Most doctors must have lost all thier wisdom teeth long ago.   ;D

hi folks. blacklab, nice to meet ya-he did indeed take the 50,000 loading dose one day last week (in addition to the 20,000 base dose for that day). i totally forgot to include that in there. this is only our second week into the regimen, so we have a little bit to go before we start to see any kind of results, i think. maz, lol. i was thinking of your remark when we were at the doc's office this morning.....

we went to BF's PCP this morning and it was a bit of a fiasco. he has only seen this PCP once, and that was the appt that got him a referral to the oto and the neuro. however, when we came in today for a blood pressure check /consult and to get some bloodwork done, not only did they not have him scheduled to do bloodwork initially(had to ask them for the order, as they were just going to send him on his merry way at the end of appt after telling him when he made the appt that he needed to be fasting), but we didn't even get to see the same doc-he had another doc helping with his rounds, and we saw her instead. she was slightly ignorant of the situation (understandably) and so we gave her the rundown of the ER visit yesterday, what happened at the neuro and how he would not prescribe him imitrex with his BP being high. she said that today his BP was great at 138/90 compared to what it was, and so he should follow up with his neuro again, possibly sooner than the previously scheduled appt 3 weeks away.

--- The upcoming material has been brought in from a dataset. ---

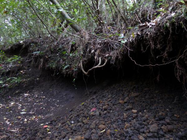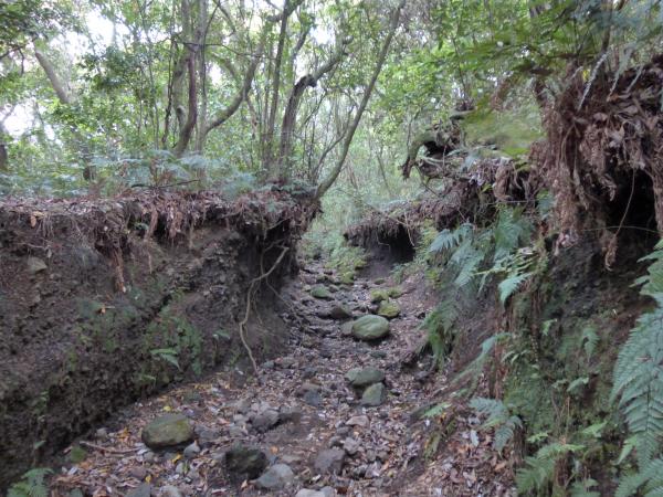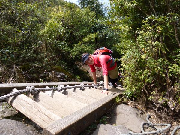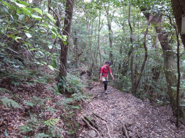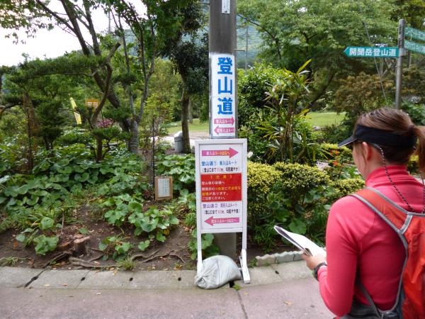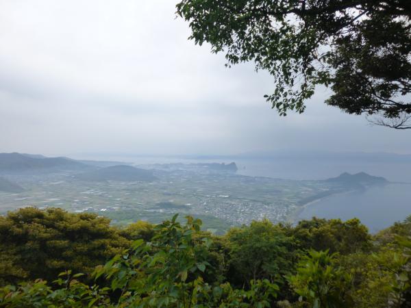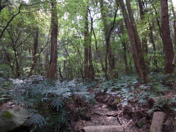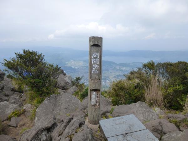 - 登山口の『かいもん山麓ふれあい公園』は駐車場、トイレ、売店などが完備されたレクリエーション施設。キャンプ場やゴーカート場もあります。道標に従って公園内を抜けていくと登山口(二合目)へ。ここから延々と鬱蒼とした樹林帯が続きます。苔むした道は屋久島のよう。小さい溶岩だらけの道で今回も“走れる”様子はなし((+_+)) 五合目に展望台があり、東側の薩摩半島、長崎鼻方面の眺望がひらけますが、再び樹林帯へ。七合目からときどき南から南西方面(東シナ海方面)が覗けますが、それも「ときどき」。基本的には樹林帯のなかで太陽が拝めません。九合目あたりからようやく眺望がひらけ、西から北西方面が。ロープが取り付けられた急階段を登ると山頂はもうすぐ。山頂は北西から北方面は眺望がよいですが、南方面は木に遮られて眺望なし。

when we mentioned the unhappiness with the neuro due to the immediate rebuff regarding oxygen, and mentioned that we were hoping for a referral to a different doc for a second opinion and because we just didn't feel comfortable with this neuro, she went to speak to BF's actual PCP and came back saying that the PCP doesn't want to prescribe him oxygen because it's quite expensive and PCP doesn't think the insurance will cover it, and they will have to try to fight for them to cover it. the other reason being that since the neuro already declined to prescribe it, he didn't want to step on anyone's toes by doing so anyway. (WTF!)

regarding the referral, he said that he felt that the one he referred us to was a good neuro, and stood by his initial referral (basically said no, give this guy a chance, no second referral). when i mentioned that we were hoping to see a headache specialist instead, she said that that's what neurologists do. and when i tried to clarify and say that we wanted to see a doctor who specializes in headaches, she reiterated that that's what neurologists treat. "i don't know if there's a special classification of doctors that deal with headaches, but at county where i came from we had a team of neurologists that would some days only treat headaches all day."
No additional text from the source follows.